Ma i signori delle statistiche guardano davvero alla realtà? Non vedono che gli spazi di viaggio per i nostri figli si sono drammaticamente ristretti anziché allargarsi? Quarant'anni fa io potevo andare in macchina da Trieste a Kabul senza correre alcun rischio e senza essere un Indiana Jones. Ora tutto questo non è più possibile. Ma i governatori dei flussi mondiali non vedono e non sentono. Non tengono conto che il mondo è al collasso, che l'instabilità comincia già in Ucraina e che Paesi mediterranei da sempre invasi da turisti, come la Siria e l'Egitto, sono diventati insicuri o proibiti. Non mettono in conto, nelle loro proiezioni matematiche, che Paesi emergenti come la Cina e l'India sono condannati, nel giro di pochi anni, a un disordine sociale sul quale il turismo avrà, ne sono certo, l'effetto della benzina sul fuoco.
Non so che farmene di un Oriente che non ha più una sua via della seta, che non mi permette un approccio graduale. Non me ne frega niente di farmi un Ottomila himalaiano su percorsi già attrezzati da bombole di ossigeno e dopo essere stato portato ad alta quota in elicottero. Non salirò mai su un penitenziario galleggiante di lusso per andare alle Hawaii e non farà mai acquisti nei grattacieli di Dubai. Non esiste. Voglio viaggiare, non "essere viaggiato", e non intendo subire pacchetti preconfezionati da altri. Non mi importa un mondo che assomiglia al mio, non voglio volare per dieci fusi orari solo per incontrare una tranquillizzante fotocopia dell'Occidente. Non salirò mai su un battello del Volga se a bordo, anziché delle vecchie canzoni russe, mi obbligheranno ad ascoltare un deprimente karaoke.
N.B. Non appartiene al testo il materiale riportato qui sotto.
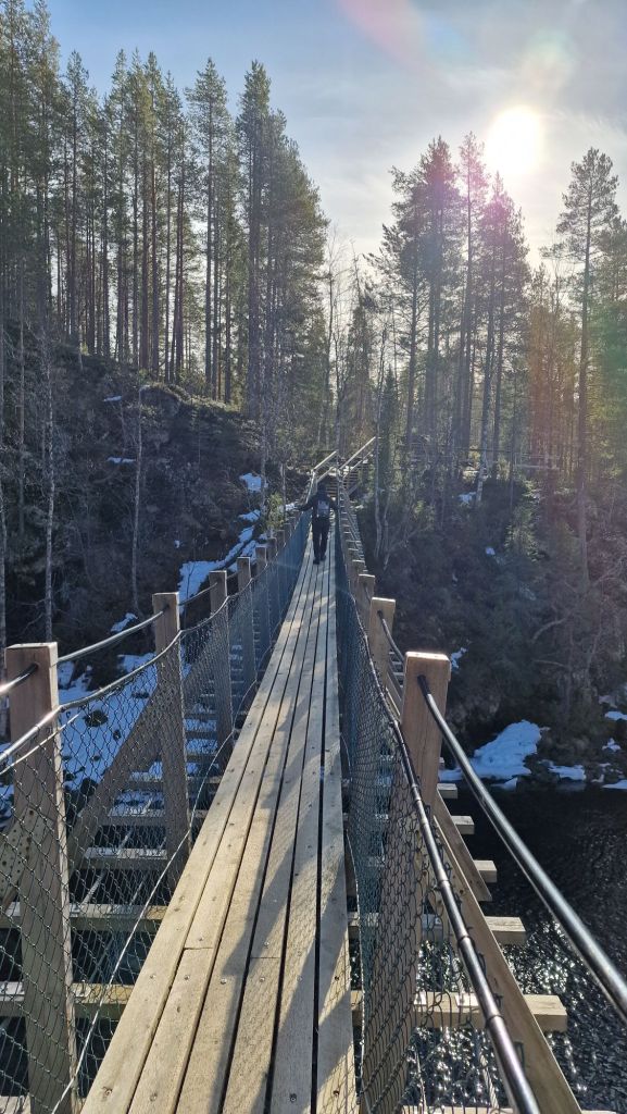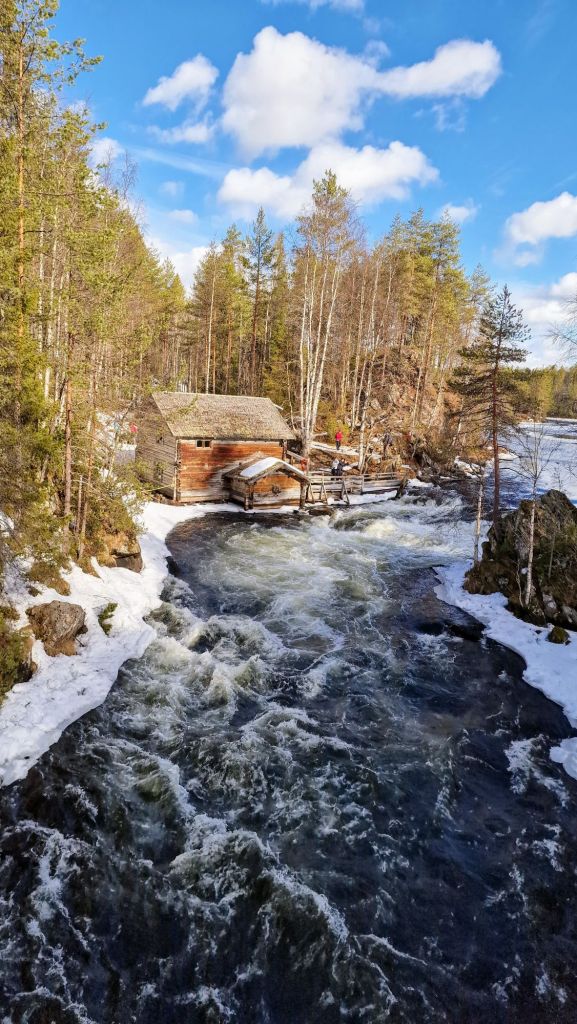 Ensimmäinen kohde on Suomen kuvatuin luontokohde eli Myllykoski. Paikka löytyy Karhunkierroksen vaellusreitin varrelta. Paikalle pääsee erittäin helposti, kun ajaa ensin Juuman kylässä olevalle pysäköintialueelle, jossa sijaitsee Karhunkierroksen lähtöportti. Tästä kun lähtee kävelemään niin Myllykoski tulee vastaan noin 1,5 km päästä. Ennen Myllykoskea on Niskakoski, joka on hieman vaatimattomampi mutta hieno sekin. Pääset heti tässä kohtaa kävelemään ensimmäisen riippusillan yli.

Mi diranno che il mio è un discorso di élite, e rispondo di sì. Ma è un'élite dello spirito, non del denaro. Scendere il Po in canoa è di gran lunga più affascinante e meno costoso che andare alle Seychelles. L'Europa offre scelte di una varietà incomparabile. Zigzagare per i Carpazi, valicare le Alpi in bicicletta, discendere il Danubio in battello, andare a piedi in pellegrinaggio a Cestochowa, affacciarsi sulle dune del Baltico, percorrere a vela le isole dalmate, entrare nelle mura fredericiane di Castel del Monte, salire sui campanili di Chartres, camminare sulle brughiere delle Ebridi a Nord della Scozia, salire sulle nevi dell'Etna o affacciarsi sui tempestosi faraglioni di Cabo da Roca a Ovest di Lisbona. Non esiste continente capace di condensare così tanto in così poco spazio.
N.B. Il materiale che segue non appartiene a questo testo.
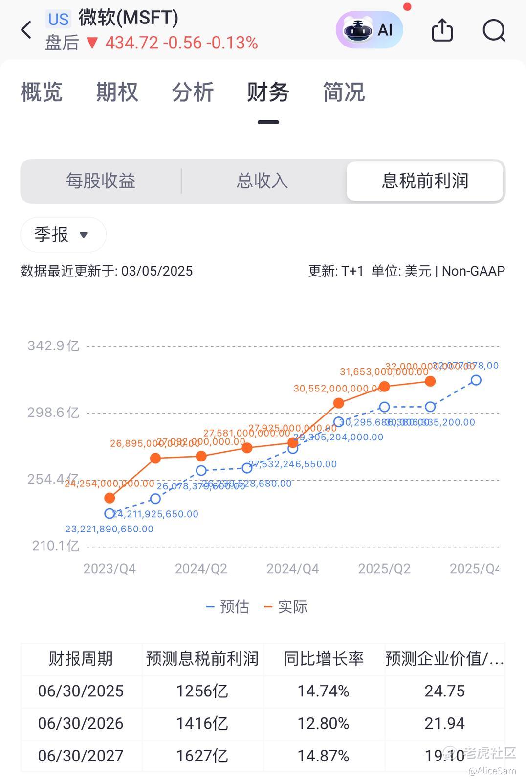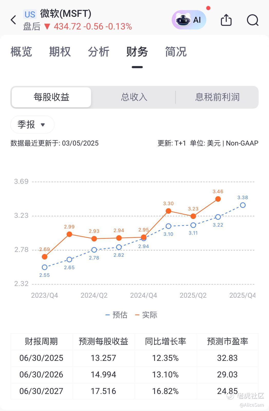 微软这个季度的每股收益(EPS)为3.46美元,同比增长18%,超出市场预期的3.22美元。从我们老虎财务页面的对比图看,他们EPS的增长巨大,并且下个季度的预期也是高高在上 👍

Il problema è che non lo sappiamo dire, comunicare. Come una vecchia signora, Europa dorme sugli allori, certa che corteggiatori non le mancheranno. L'Italia del Grand Tour, non se ne parla. È un magnifico giocattolo governato dall'incuria e da scriteriati che non ne comprendono le bellezze, e che non ha ancora imparato a costruire un'ospitalità moderna, leggera. Se il continente perderà il suo primato nonostante il sontuoso apparato dell'Unione che lo rappresenta, sarà anche per la sua incapacità di percepire le sue bellezze in modo unitario, anziché in ordine sparso. Forse dobbiamo ancora cominciare a conoscerci. Quanto ci farebbe bene un bel bagno autarchico d'Europa.